Like many other performers, Louis-Dreyfus says her time at "SNL" was tough, due to the grueling schedule and the behind-the-scenes politics. "I was very ill-equipped for the gig," she says. "I wasn't really a writer, which was one problem. Another was that I was very young and naive, and I didn't go in having a bunch of characters prepared to put on display. I did fine. But I didn't come out of there a big star, you know? They weren't making movies based on characters I created."
She did, however, make the acquaintance of a writer on the show named Larry David. "He worked there for a year and didn't get one sketch on the air," Louis-Dreyfus says. "He had one sketch that made it to dress rehearsal, and it was cut before air." David and his partner Jerry Seinfeld went on to shoot a "Seinfeld" pilot to which NBC said it would give a four-episode order provided they added a female character. Louis-Dreyfus had just done a short-lived sitcom for NBC called "Day by Day" and had the network seal of approval. "So when I went into the office, I met Jerry and we just sat together in a room and read a scene," she says. "It was a very basic scene from one of the early episodes; he asked if I want to get something to eat, and I say sure.
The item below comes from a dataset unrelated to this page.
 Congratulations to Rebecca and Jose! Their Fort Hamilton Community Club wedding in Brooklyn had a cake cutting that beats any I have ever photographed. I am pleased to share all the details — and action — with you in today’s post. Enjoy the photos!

He said, ‘Where do you want to go?' And I said, ‘I don't care; I'm not hungry.' It was one of those scenes about nothing." Nine seasons, an Emmy Award, countless catch phrases, and television history followed.
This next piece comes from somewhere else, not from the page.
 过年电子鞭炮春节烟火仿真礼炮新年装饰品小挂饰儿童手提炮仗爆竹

Another attractive aspect of "Veep" for Louis-Dreyfus is the schedule; the first season runs only eight episodes. "I couldn't have done it otherwise," she says. "We shoot on location, and I couldn't be gone from home for 22 episodes. Also, because of the style of the show, it's a very demanding workday. On one hand, thank God, because I'm away from home and if I wasn't busy, I would have lost my shit."
With her previous series, Louis-Dreyfus says she didn't have much time to pursue outside projects. Though she's appeared in films such as Rob Reiner's "North" and "Father's Day" with Billy Crystal and Robin Williams, Louis-Dreyfus hasn't been seen on the big screen since 1997's "Deconstructing Harry." "When we had our hiatuses, I really wanted my hiatus," she says. "So I've never really known how to marry the moviemaking life with my own life. So there have been a handful of projects I didn't do because I just couldn't leave home, and a lot of my agents thought I was out of my mind. But you can't do everything. At the end of the day, I wanted to raise my children."
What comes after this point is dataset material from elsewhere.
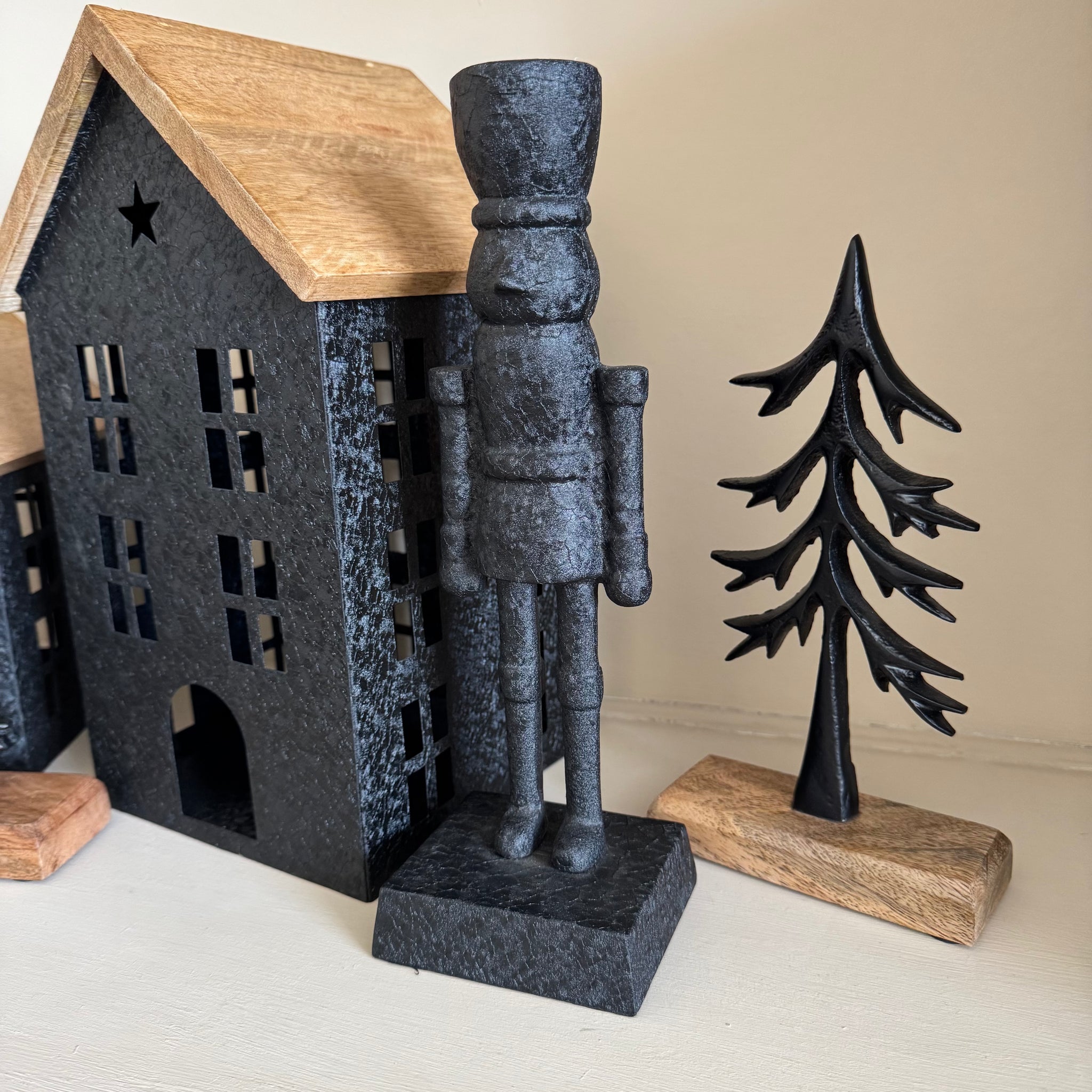 Introduce a touch of rustic elegance to any festive collection with this 28cm aluminium nutcracker ornament. With a sleek black finish, this timeless piece is the perfect addition to any Christmas home decor, adding a touch of rough luxe charm.

But Louis-Dreyfus plans to do more films. She is attached to star in the next film from "Please Give" writer-director Nicole Holofcener. In addition, she and her husband, Brad Hall, produced a short called "Picture Perfect" that is making the festival rounds; Louis-Dreyfus stars in it, and Hall wrote and directed. "We had such a good time working together, and it was our way of kind of dipping our toe into the independent film world," she says. "So we're going to do it again." She adds that she enjoys developing projects and producing while admitting that it's hard work. "I like feeling more in control of the product, and at this point I like to think I bring something to the project," she says. "It feels like your baby you're putting out there, and you want to take care of it." Still, she says she will gladly be an actor for hire. And when it comes to dream roles or projects, she has only one guideline. "I want to do good work," she says simply. "Whatever is out there that's good, I would like to do it."